I made sure that my ToF sensor was really high quality because I knew from experience that feedback control tuning gets really easy if you have good data and good state estimation. So from here, things went pretty smoothly.
As mentioned before, I started with a P controller but was unhappy with its slow performance. So I moved on to a PI controller, which gave me overshoot, and then I added a D term to compensate for the overshoot. This didn't work because I got a ton of noise on my D term, so I spent some time thinking and realized that this system doesn't even need an I term at all. This is because there are no constant forces like gravity here. The entire car's state space is semi-stable, so an I term just adds either oscillation or overshoot. Either way it's eating up my phase margin. I've also tuned my car's movement so that there's no "threshold" level of throttle for the car to move. move(255) is really fast and move(1) is really slow, but the car is only still when I write move(0).
Anyways, by switching back to a P controller, the system worked really well and the car stopped right at the 12 inch mark from the wall, which is great. Here's a video of that happening:
And here's a graph of the position from the wall over time. You can see that it spends most of its time in saturation, and it has a small overshoot due to the momentum of the car as it approaches the setpoint:
You can also see more definitely that the car spends most of its time in saturation by looking directly at the control input to the motors.
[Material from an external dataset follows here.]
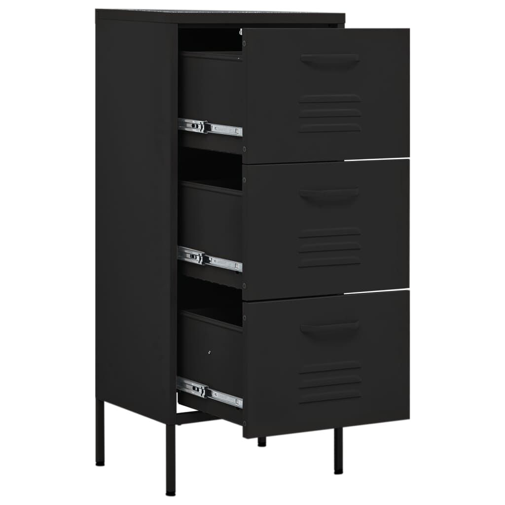 This storage cabinet with practical design is a real eye-catcher for your home decor. This side cabinet, featuring a steel construction, is sturdy and durable. There are levellers on the bottom to adjust the height according to your needs. The drawers can be fully extended and are ideal for keeping all kinds of smaller items organised and within reach. Drawers with ballbearing runners ensure smooth opening and closing, even under increased load.
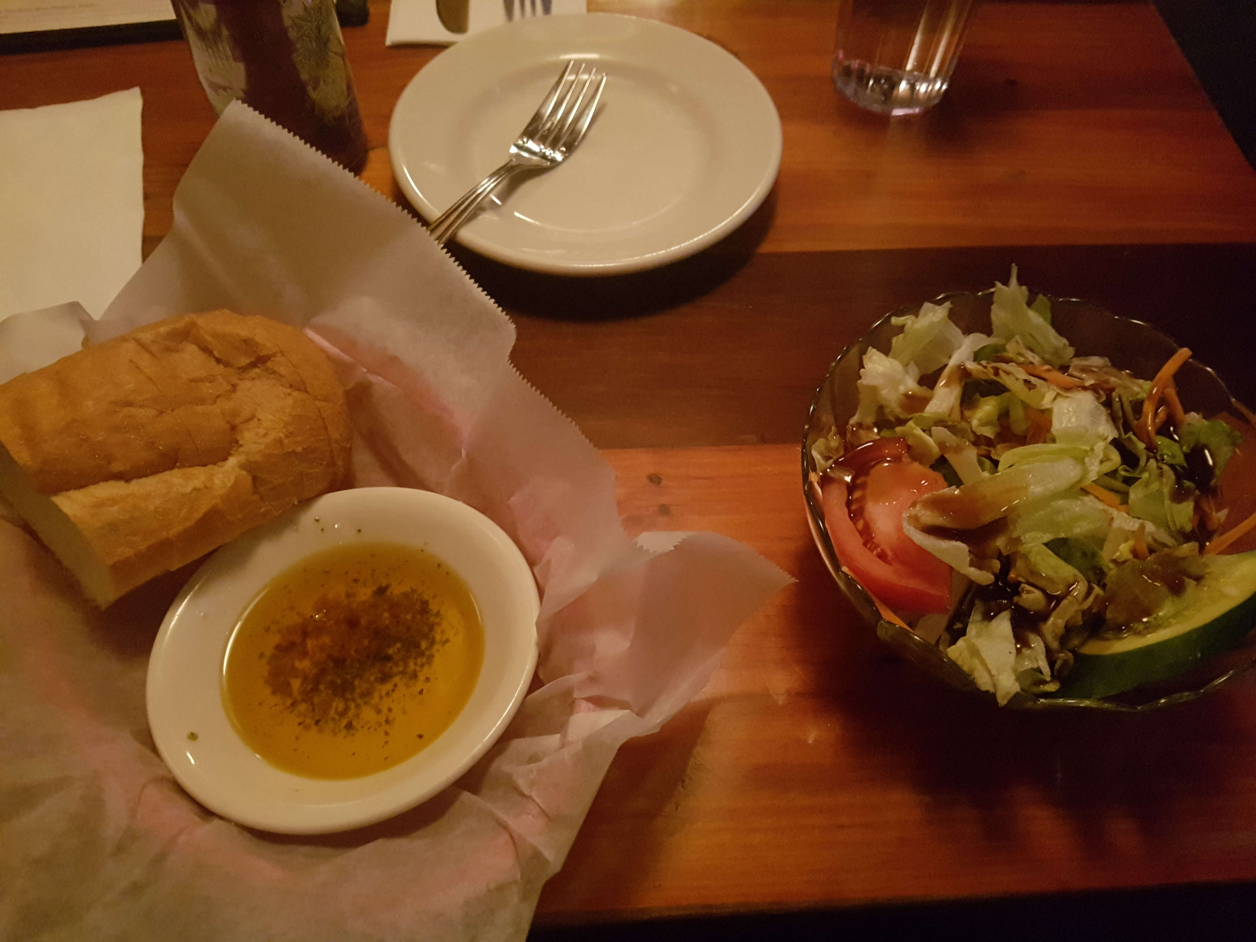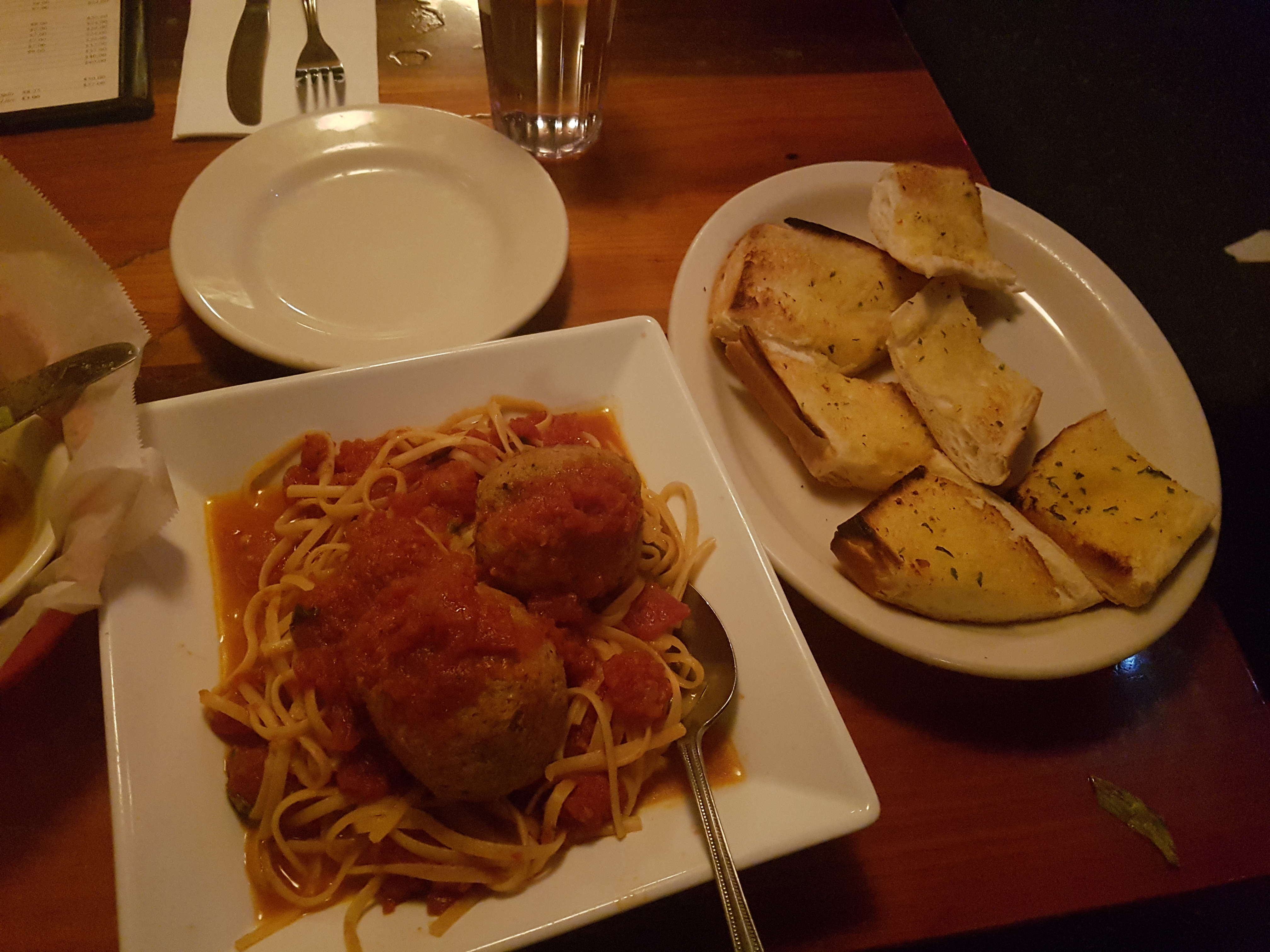 The food was great and the atmosphere friendly. I had the spaghetti and meatballs along with a salad and a side of garlic bread. The food was tasty, the prices were reasonable, the service adequate and the atmosphere was warm.

Here's a graph of the PWM amplitude over time:
If we put the two graphs together, you can see how the control signal saturates in large error and how it reacts to in the actual position as you overshoot and come into the steady-state position:
Overall, I learned from this lab the importance of good data in control systems. It's an information problem, so if you have bad info, you'll have bad control. Also, I learned the simpler is better, and that it's worth it to build systems step-by-step instead of all at once, especially for algorithm-based programming like this. I'm also glad I put effort into making my car robust, because I didn't have to worry about it failing at all this lab. I'm looking forward to implementing better state estimation techniques like Kalman filtering in future labs and using that to make better control systems.